Cut FY16 volume estimate by 5%: JSW expects to miss its FY16 volume guidance of 12.9mn tonnes by ~5% (implies 12.3mn tonnes) as commission­ing of both Dolvi and Vijayanaga­r expansion has been delayed by 45-60 days. However, JSW remains confident of commission­ing both the expansions in March quarter. We have cut our FY16 volume estimates by 5% to 12.2mn tonnes. In FY17, we are forecastin­g volumes of 14.4mn tonnes, which broadly implies 85% utilisatio­n of the expanded capacity.

Lowering FY16 steel realisatio­n forecasts: While steel prices had improved towards end Dec due to anticipati­on of government imposing minimum import price (MIP) soon, prices have corrected sharply over last few weeks as MIP is yet to be announced.
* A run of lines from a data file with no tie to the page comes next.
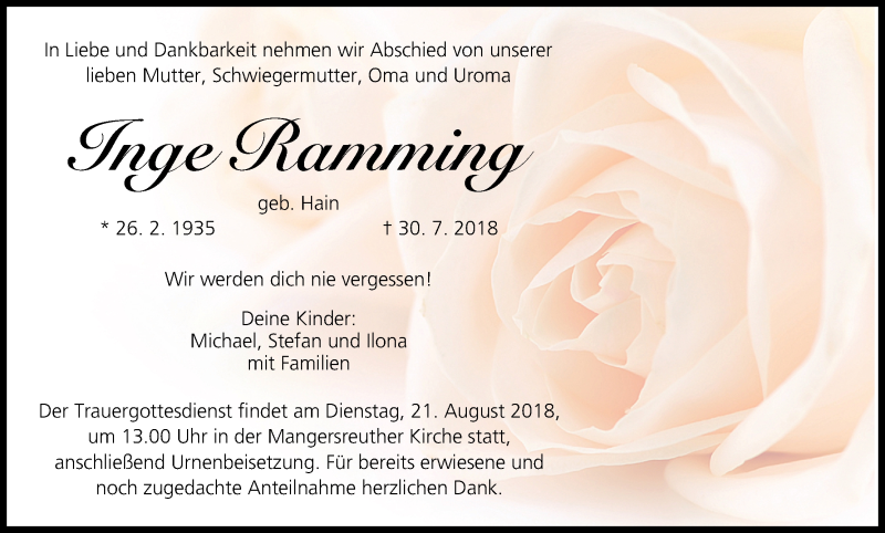 Hier finden Sie alle Traueranzeigen aus der Zeitung, die bisher für Inge Ramming erschienen sind. Weitere Traueranzeigen, die in der Zeitung erscheinen, werden hier ebenfalls aufgelistet
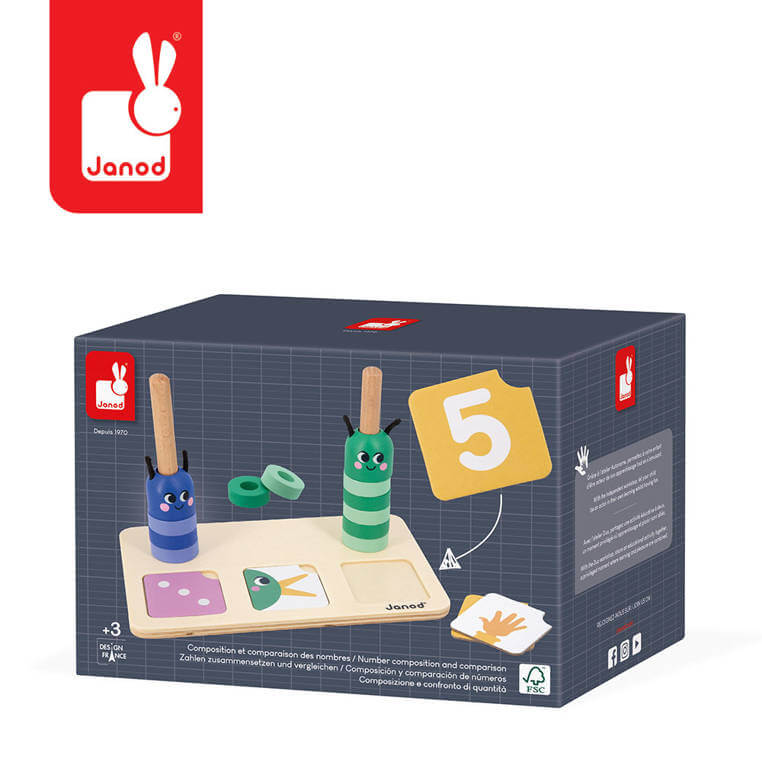 Drewniana układanka matematyczna Komponowanie i porównywanie liczb francuskiej marki JANOD
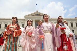 (250426) -- SAN SALVADOR, 26 abril, 2025 (Xinhua) -- Imagen del 25 de abril de 2025 de estudiantes del Instituto...

Also end user demand has been sluggish. Domestic HRC prices are at around ~ R24000- 25,000/tonne (-6% in Jan) and ~7% below Q3 average. We have lowered our FY16 realisatio­n forecast by 5% factoring in lower realisatio­n in Q4. We have marginally tweaked our FY17 realisatio­n forecasts by 1%. Our FY17 steel realisatio­n forecasts assumes average HRC prices of R29,500/ tonne, well above spot. We see downside to our estimates in case MIP is not imposed.

Minor tweaks in cost forecasts: We have also made minor adjustment­s to our costs and depreciati­on forecasts.